━━━ RECORDS FOR THE EXERCISE

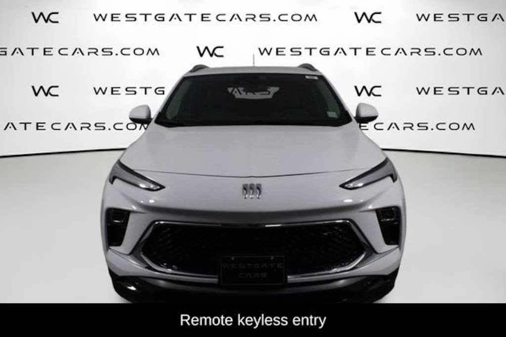 Beyond its dynamic capabilities, the Encore GX Sport Touring pampers you with a wealth of premium amenities. Enjoy the convenience of wireless smartphone integration, the comfort of dual-zone automatic climate control, and the confidence of advanced safety features like Automatic Emergency Braking and Lane Keep Assist. With its sleek, sculpted exterior and refined interior, this Buick crossover exudes an air of sophistication that is sure to turn heads.
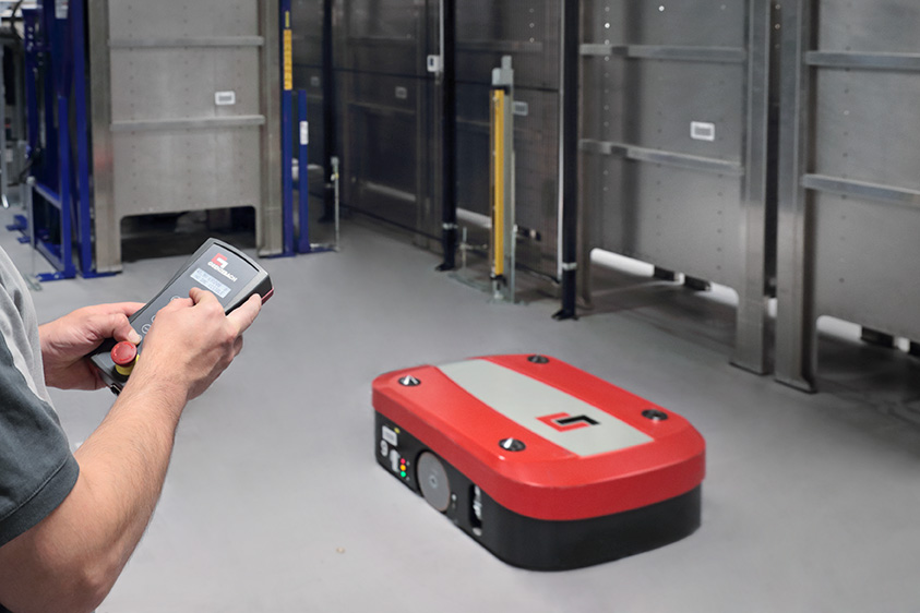 *The automated guided vehicles (AGV) from Grenzebach adhere to the relevant items of DIN EN 1175 (VDE0117). As per 4.3.5.1 regarding point “b) …”, all circuits, which are connected to the 48V battery voltage and are electrically connected to the power source, have no connection to the drive frame. All control components supplied with ≤ 24V of voltage are galvanically isolated from the battery voltage (power source).
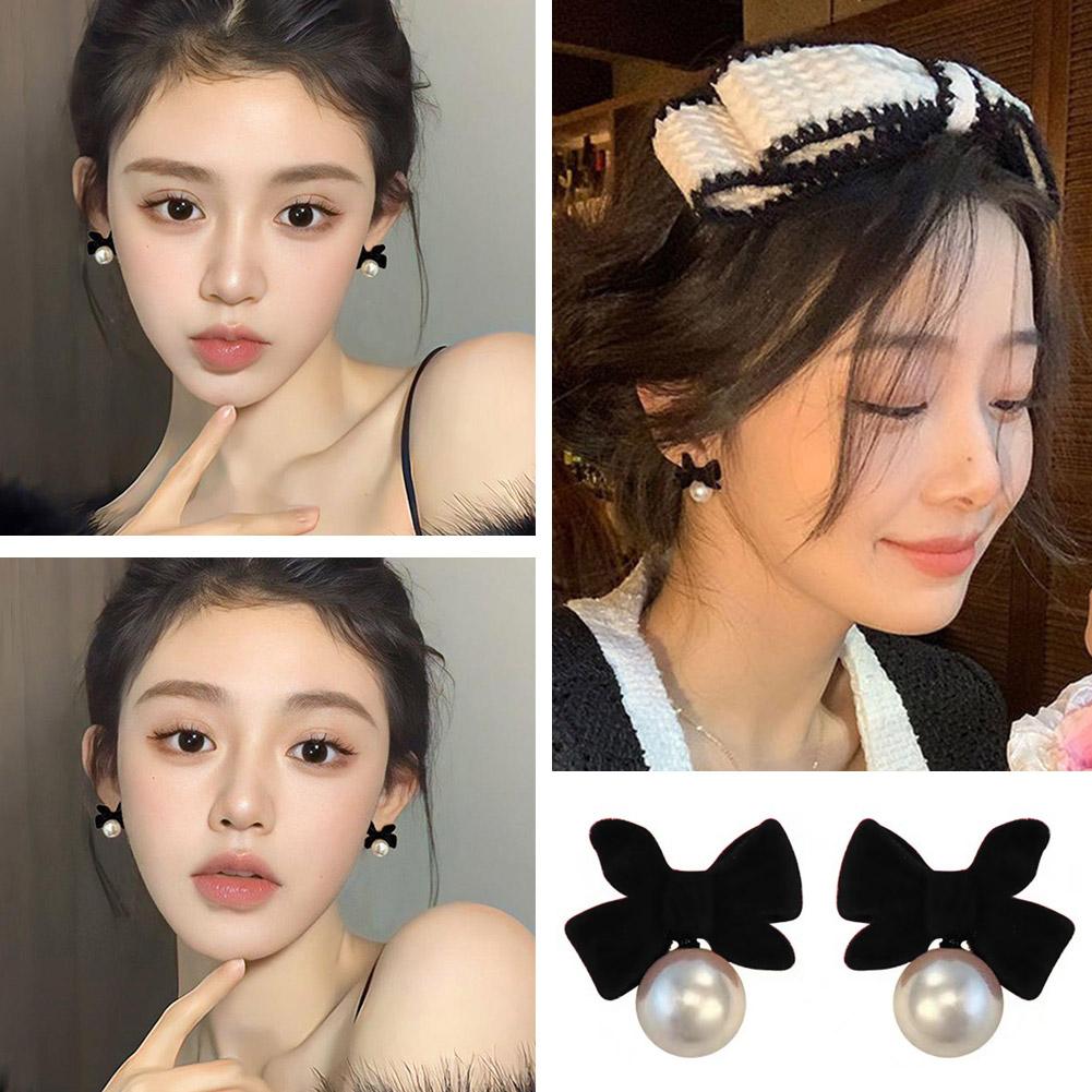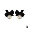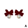 Fashion Flocking Bowtie Pearl Pendant Earrings French Stud Jewelry Earring Ear Bowknot Retro Velvet Bow Red New Year Girl 1PCS
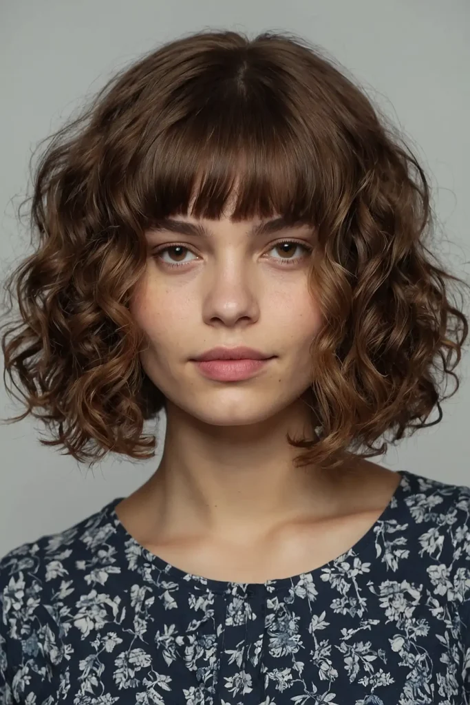 A curly bob that hits your collarbone frames your face perfectly. This versatile cut works great with natural curls and adds bounce to your look.
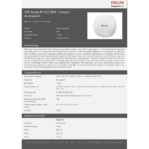 Jetzt anmeldenProduktinformationen "HPE Aruba AP-615 (RW) - Campus - Accesspoint"
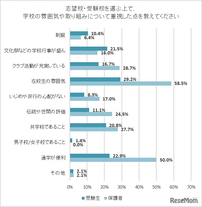 志望校・受験校を選ぶうえで、学校の雰囲気や取組みについて重視した点
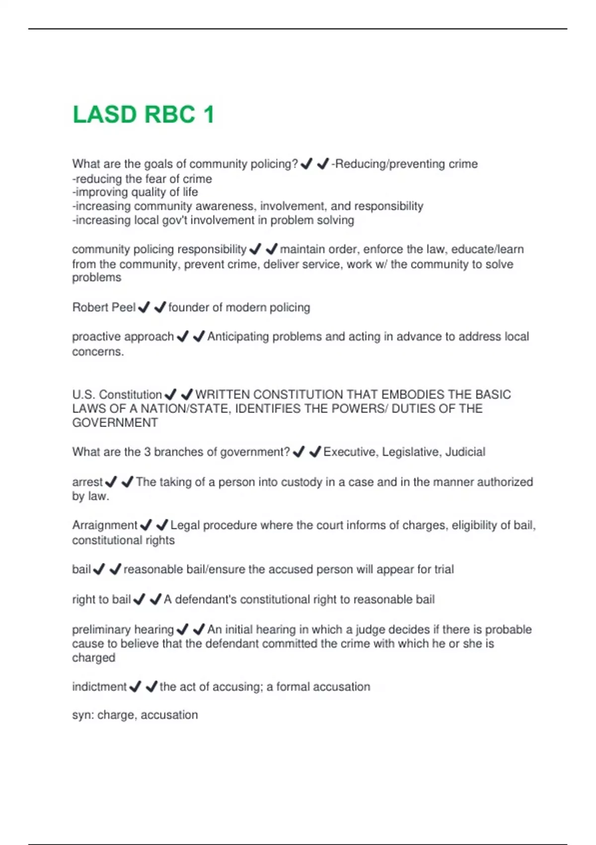 What are the goals of community policing?️️-Reducing/preventing crime -reducing the fear of crime -improving quality of life -increasing community awareness, involvement, and responsibility -increasing local gov't involvement in problem solving community policing responsibility️️maintain order, enforce the law, educate/learn from the community, prevent crime, deliver service, work w/ the community to solve problems Robert Peel️️founder of modern policing proactive approach️️Anticipating problems and acting in advance to address local concerns. U.S. Constitution️️WRITTEN CONSTITUTION THAT EMBODIES THE BASIC LAWS OF A NATION/STATE, IDENTIFIES THE POWERS/ DUTIES OF THE GOVERNMENT What are the 3 branches of government?️️Executive, Legislative, Judicial
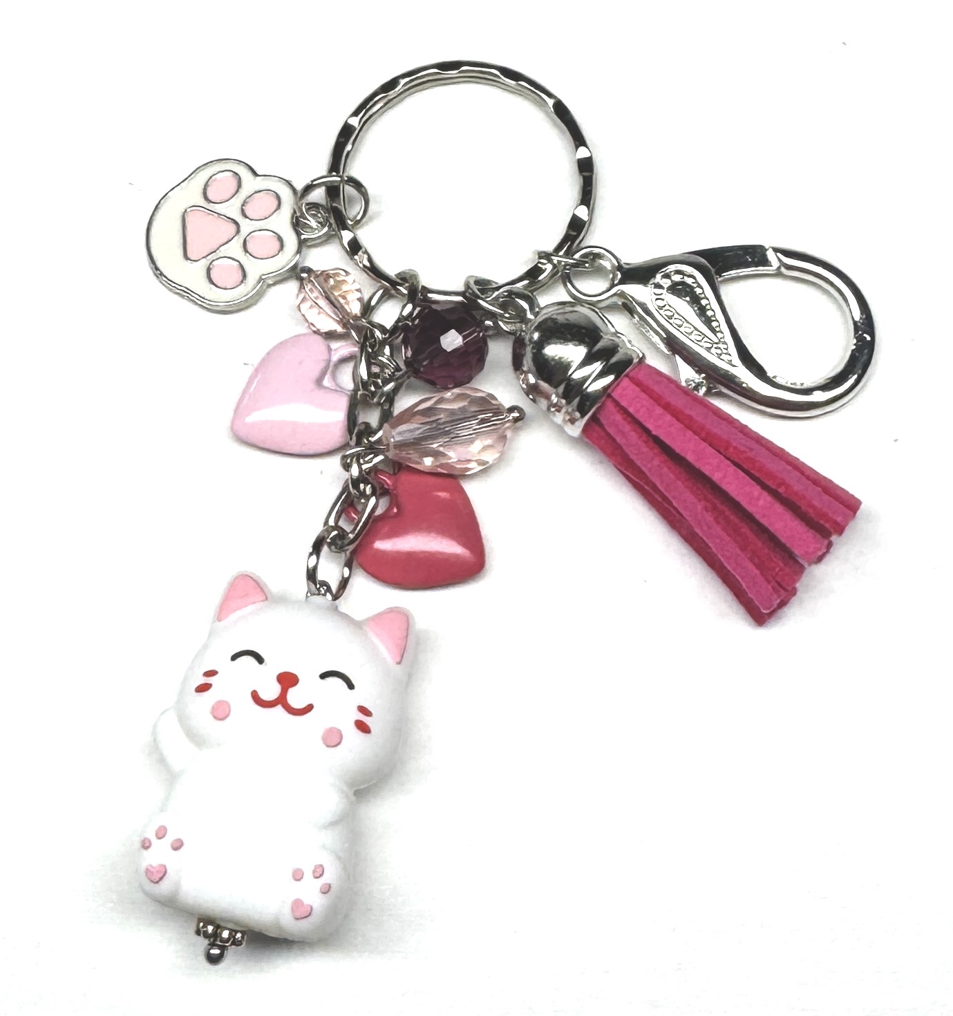 Schlüsselanhänger mit Anhänger aus Silikon (beidseitiges Motiv), Glasperlen, Herz-Charmes, emailliertem Anhänger, Karabiner und Kunstlederanhänger.
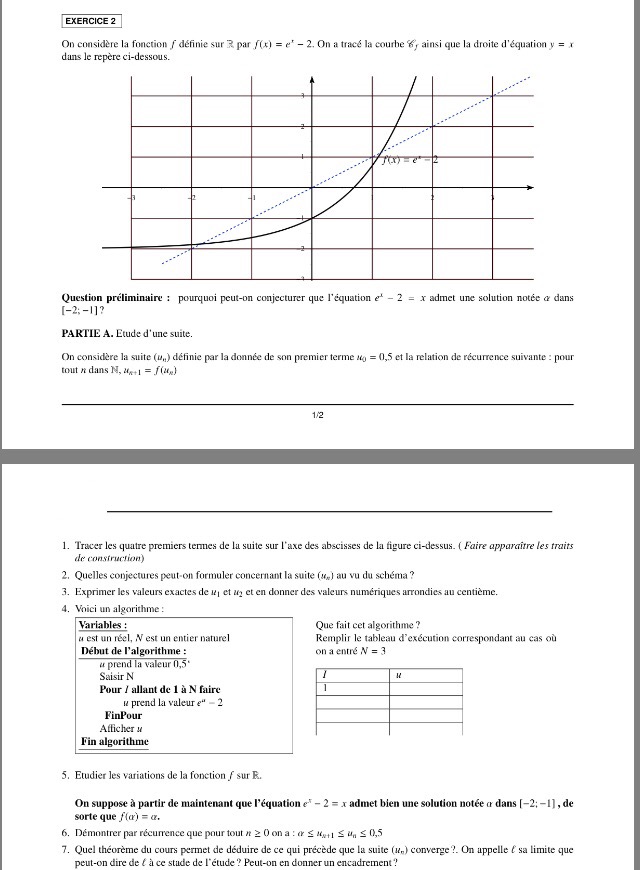 Bonjour je suis en Terminale S et je dois faire un DM de maths pour la rentrée sauf que je bloque principalement sur l'algorithme. Les 2 premières questions je pense avoir bon mais l'algo me pose problème. J'ai essayer plusieurs possibilités mais le résultat de chacun me semble pas très convaincant. Pourriez vous m'aider s'il vous plaît ? Merci d'avance !

━━━━━━

# TRY IT
When you set down the material above, keep every word exact and include no pictures.

# RESPONSE FOR THIS EXERCISE
 Beyond its dynamic capabilities, the Encore GX Sport Touring pampers you with a wealth of premium amenities. Enjoy the convenience of wireless smartphone integration, the comfort of dual-zone automatic climate control, and the confidence of advanced safety features like Automatic Emergency Braking and Lane Keep Assist. With its sleek, sculpted exterior and refined interior, this Buick crossover exudes an air of sophistication that is sure to turn heads.
 *The automated guided vehicles (AGV) from Grenzebach adhere to the relevant items of DIN EN 1175 (VDE0117). As per 4.3.5.1 regarding point “b) …”, all circuits, which are connected to the 48V battery voltage and are electrically connected to the power source, have no connection to the drive frame. All control components supplied with ≤ 24V of voltage are galvanically isolated from the battery voltage (power source).
 Fashion Flocking Bowtie Pearl Pendant Earrings French Stud Jewelry Earring Ear Bowknot Retro Velvet Bow Red New Year Girl 1PCS
 A curly bob that hits your collarbone frames your face perfectly. This versatile cut works great with natural curls and adds bounce to your look.
 Jetzt anmeldenProduktinformationen "HPE Aruba AP-615 (RW) - Campus - Accesspoint"
 志望校・受験校を選ぶうえで、学校の雰囲気や取組みについて重視した点
 What are the goals of community policing?️️-Reducing/preventing crime -reducing the fear of crime -improving quality of life -increasing community awareness, involvement, and responsibility -increasing local gov't involvement in problem solving community policing responsibility️️maintain order, enforce the law, educate/learn from the community, prevent crime, deliver service, work w/ the community to solve problems Robert Peel️️founder of modern policing proactive approach️️Anticipating problems and acting in advance to address local concerns. U.S. Constitution️️WRITTEN CONSTITUTION THAT EMBODIES THE BASIC LAWS OF A NATION/STATE, IDENTIFIES THE POWERS/ DUTIES OF THE GOVERNMENT What are the 3 branches of government?️️Executive, Legislative, Judicial
 Schlüsselanhänger mit Anhänger aus Silikon (beidseitiges Motiv), Glasperlen, Herz-Charmes, emailliertem Anhänger, Karabiner und Kunstlederanhänger.
 Bonjour je suis en Terminale S et je dois faire un DM de maths pour la rentrée sauf que je bloque principalement sur l'algorithme. Les 2 premières questions je pense avoir bon mais l'algo me pose problème. J'ai essayer plusieurs possibilités mais le résultat de chacun me semble pas très convaincant. Pourriez vous m'aider s'il vous plaît ? Merci d'avance !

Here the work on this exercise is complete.